#### [Assigned task]
Without the pictures, output the lines of the material from the very first through the one that holds "leg, elastic waist".

#### [Collected data]
◆ ◆ ◆ ◆ ◆ ◆ ◆
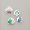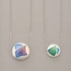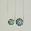 Mio Kuhnen is informed by her background as an Environmental Scientist, specialising in marine and sedimentary geology. In her works there are two final transformations. An image built on collected data is then re-imagined in embossed metal. And then there is a transformation of scale: the vast miles of inaccessible sea floor is condensed into small circular metal forms that can be worn and held.
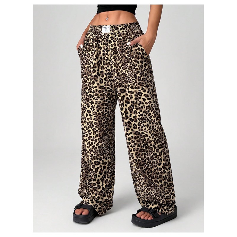 • Features: Womens leopard pants feature with leopard print, letter patched, pockets, straight leg, elastic waist
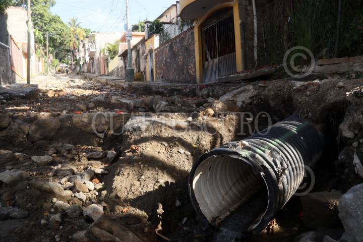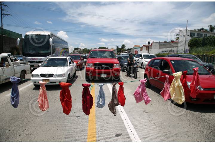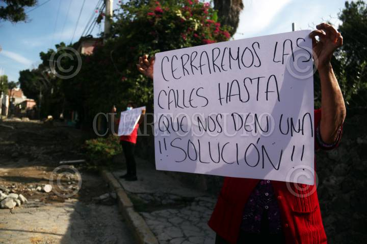 Vecinos de las colonias Alta Vista y Sacatierra bloquean la calle principal en demanda que el gobierno del estado termine la obra de introducción del drenaje, que inicio hace dos semanas y luego suspendio.
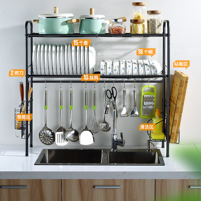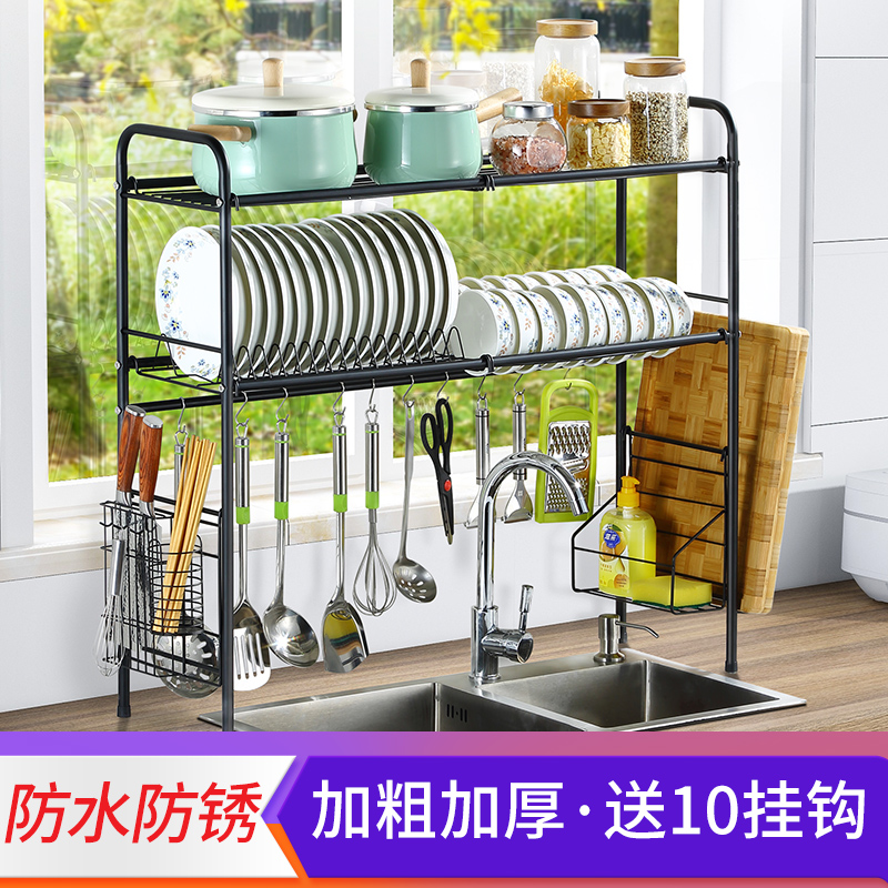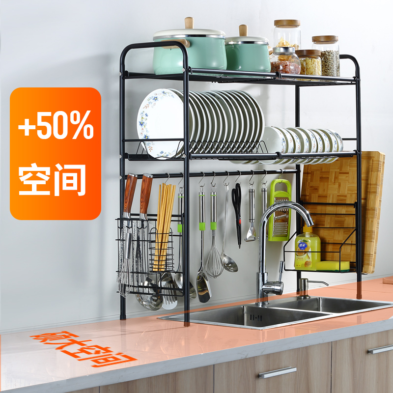 Stainless steel kitchen sink rack bowl rack bowl chopsticks drain rack dish rack sink storage layer rack home complete
◆ ◆ ◆ ◆ ◆ ◆ ◆
#### [Exercise output]
 Mio Kuhnen is informed by her background as an Environmental Scientist, specialising in marine and sedimentary geology. In her works there are two final transformations. An image built on collected data is then re-imagined in embossed metal. And then there is a transformation of scale: the vast miles of inaccessible sea floor is condensed into small circular metal forms that can be worn and held.
 • Features: Womens leopard pants feature with leopard print, letter patched, pockets, straight leg, elastic waist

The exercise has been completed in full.